3. Appellant heeft zich in hoger beroep tegen deze uitspraak gekeerd. Hij stelt zich op het standpunt dat uit de beschikbare medische gegevens blijkt dat zijn medische situatie sinds het ongeval is verslechterd. De vaststelling van een invaliditeitspercentage van 10% doet geen recht aan de klachten en beperkingen die hij ondervindt. Hij verwijst onder meer naar het door hem in beroep overgelegde arbeidsmedisch belastbaarheidsonderzoek van onderzoeksbureau Lytton en de aan hem verstrekte gehandicapten parkeervoorziening.
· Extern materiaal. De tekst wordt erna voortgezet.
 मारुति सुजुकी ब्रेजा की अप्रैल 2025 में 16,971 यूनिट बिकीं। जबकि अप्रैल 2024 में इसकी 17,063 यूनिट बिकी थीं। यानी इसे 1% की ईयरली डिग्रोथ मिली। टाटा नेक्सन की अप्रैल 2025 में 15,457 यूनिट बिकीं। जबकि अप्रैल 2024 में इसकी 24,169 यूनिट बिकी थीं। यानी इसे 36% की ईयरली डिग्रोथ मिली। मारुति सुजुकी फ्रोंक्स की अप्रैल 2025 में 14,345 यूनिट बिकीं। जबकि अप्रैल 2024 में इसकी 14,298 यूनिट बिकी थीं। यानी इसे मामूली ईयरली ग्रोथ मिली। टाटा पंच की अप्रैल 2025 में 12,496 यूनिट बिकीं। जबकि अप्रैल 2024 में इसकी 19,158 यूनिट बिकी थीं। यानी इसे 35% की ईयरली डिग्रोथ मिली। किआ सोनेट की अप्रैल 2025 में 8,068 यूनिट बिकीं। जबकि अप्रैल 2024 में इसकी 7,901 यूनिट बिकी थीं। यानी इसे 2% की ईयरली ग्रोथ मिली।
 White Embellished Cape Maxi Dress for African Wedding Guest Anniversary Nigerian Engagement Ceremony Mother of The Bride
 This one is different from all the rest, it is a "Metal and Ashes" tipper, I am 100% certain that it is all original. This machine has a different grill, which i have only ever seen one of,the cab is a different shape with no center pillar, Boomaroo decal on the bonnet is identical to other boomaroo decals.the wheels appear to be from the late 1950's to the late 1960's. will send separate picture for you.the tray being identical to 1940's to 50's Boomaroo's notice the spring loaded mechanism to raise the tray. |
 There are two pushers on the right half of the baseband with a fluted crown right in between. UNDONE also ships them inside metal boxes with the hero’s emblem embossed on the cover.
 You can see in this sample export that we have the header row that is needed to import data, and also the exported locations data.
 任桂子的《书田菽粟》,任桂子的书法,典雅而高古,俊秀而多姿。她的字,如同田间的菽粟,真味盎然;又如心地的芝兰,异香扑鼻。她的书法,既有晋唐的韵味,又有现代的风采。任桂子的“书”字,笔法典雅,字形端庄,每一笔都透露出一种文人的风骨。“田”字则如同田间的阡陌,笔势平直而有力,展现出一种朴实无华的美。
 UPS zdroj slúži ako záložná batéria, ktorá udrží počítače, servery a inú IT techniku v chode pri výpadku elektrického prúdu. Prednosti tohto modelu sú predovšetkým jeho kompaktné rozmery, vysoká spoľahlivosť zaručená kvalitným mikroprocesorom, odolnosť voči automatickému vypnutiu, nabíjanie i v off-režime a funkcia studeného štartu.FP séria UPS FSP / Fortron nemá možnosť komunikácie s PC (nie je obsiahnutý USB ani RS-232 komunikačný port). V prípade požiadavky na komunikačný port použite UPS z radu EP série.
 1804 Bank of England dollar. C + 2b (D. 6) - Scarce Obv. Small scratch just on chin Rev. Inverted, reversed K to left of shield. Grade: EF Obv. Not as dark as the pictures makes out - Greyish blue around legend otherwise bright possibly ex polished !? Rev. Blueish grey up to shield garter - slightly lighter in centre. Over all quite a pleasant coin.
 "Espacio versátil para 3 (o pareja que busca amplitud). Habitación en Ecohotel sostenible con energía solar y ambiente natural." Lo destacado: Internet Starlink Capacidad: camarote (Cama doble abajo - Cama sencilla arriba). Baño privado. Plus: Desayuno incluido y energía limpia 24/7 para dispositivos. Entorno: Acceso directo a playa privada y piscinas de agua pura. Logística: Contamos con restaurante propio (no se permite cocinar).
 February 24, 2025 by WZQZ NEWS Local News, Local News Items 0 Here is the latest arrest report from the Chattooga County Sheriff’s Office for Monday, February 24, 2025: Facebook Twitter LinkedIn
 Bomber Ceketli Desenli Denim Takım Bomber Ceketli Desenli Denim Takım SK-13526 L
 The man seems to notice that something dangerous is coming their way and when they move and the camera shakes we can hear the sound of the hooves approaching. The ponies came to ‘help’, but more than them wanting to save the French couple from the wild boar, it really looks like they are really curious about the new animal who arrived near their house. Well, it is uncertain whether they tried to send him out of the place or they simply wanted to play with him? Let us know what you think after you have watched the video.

4. De Raad komt tot de volgende beoordeling.
4.1.
De Raad deelt het oordeel van de rechtbank dat het bestreden besluit op een medische onderbouwing berust die op zorgvuldige wijze tot stand is gekomen en waarbij rekening is gehouden met de beschikbare informatie uit de behandelende sector. Appellant heeft geen nadere medische gegevens overgelegd die twijfel doen rijzen aan de juistheid van het door de minister ingenomen standpunt dat voor de andere klachten dan de aandoening van de spieren van de lendenwervelkolom geen verband met de militaire dienst kan worden aangenomen. Het onderzoek van Lytton bevat, zoals ook de rechtbank heeft vastgesteld, geen informatie over de mate van invaliditeit die is toe te rekenen aan het dienstongeval in 1988. Dit geldt evenzeer voor de aan appellant verstrekte gehandicapten parkeerkaart. Appellant heeft daarmee niet aannemelijk gemaakt dat de minister de mate van invaliditeit met dienstverband met een percentage van 10% heeft onderschat.
4.2.
Het hoger beroep slaagt niet. De aangevallen uitspraak moet worden bevestigd.
5. Voor een veroordeling in de proceskosten bestaat geen aanleiding.

BESLISSING

De Centrale Raad van Beroep bevestigt de aangevallen uitspraak.
Deze uitspraak is gedaan door A. Beuker-Tilstra als voorzitter en C.H. Bangma en
M.T. Boerlage als leden, in tegenwoordigheid van M.S. Spek als griffier. De beslissing is uitgesproken in het openbaar op 25 februari 2016.